ENTRIES PROVIDED ::
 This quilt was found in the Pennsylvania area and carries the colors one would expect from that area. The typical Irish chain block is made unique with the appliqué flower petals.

---

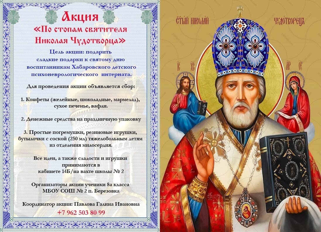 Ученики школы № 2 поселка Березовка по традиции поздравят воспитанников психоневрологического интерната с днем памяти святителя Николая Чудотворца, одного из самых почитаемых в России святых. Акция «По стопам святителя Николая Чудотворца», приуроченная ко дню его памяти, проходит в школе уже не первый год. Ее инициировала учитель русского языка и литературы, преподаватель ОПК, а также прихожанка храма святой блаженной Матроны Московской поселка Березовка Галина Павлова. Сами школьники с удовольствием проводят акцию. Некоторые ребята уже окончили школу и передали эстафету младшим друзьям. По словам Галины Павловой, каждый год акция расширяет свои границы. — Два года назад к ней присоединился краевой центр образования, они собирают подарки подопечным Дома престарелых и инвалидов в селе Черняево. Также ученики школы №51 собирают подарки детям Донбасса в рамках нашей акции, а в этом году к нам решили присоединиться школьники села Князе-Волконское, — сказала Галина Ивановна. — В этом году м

* * *

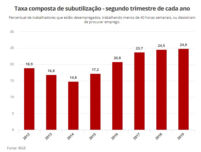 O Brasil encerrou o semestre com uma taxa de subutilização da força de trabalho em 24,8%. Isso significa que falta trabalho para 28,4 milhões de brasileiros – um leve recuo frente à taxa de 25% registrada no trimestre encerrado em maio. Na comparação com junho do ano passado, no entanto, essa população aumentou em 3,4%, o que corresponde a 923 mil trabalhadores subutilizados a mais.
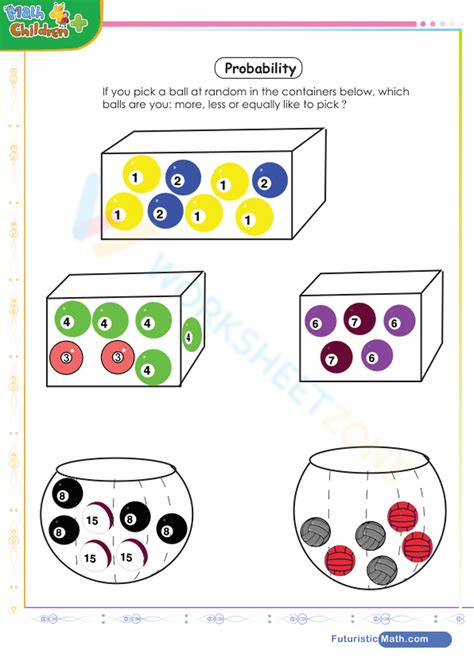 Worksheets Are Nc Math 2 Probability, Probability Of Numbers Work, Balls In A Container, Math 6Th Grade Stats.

WHAT YOU ARE ASKED TO DO :: All that should be printed is the run of lines above from the one with "O Brasil encerrou" through the one with "Worksheets Are Nc", both included, exactly as given, with pictures left out.

WORKED SOLUTION ::
 O Brasil encerrou o semestre com uma taxa de subutilização da força de trabalho em 24,8%. Isso significa que falta trabalho para 28,4 milhões de brasileiros – um leve recuo frente à taxa de 25% registrada no trimestre encerrado em maio. Na comparação com junho do ano passado, no entanto, essa população aumentou em 3,4%, o que corresponde a 923 mil trabalhadores subutilizados a mais.
 Worksheets Are Nc Math 2 Probability, Probability Of Numbers Work, Balls In A Container, Math 6Th Grade Stats.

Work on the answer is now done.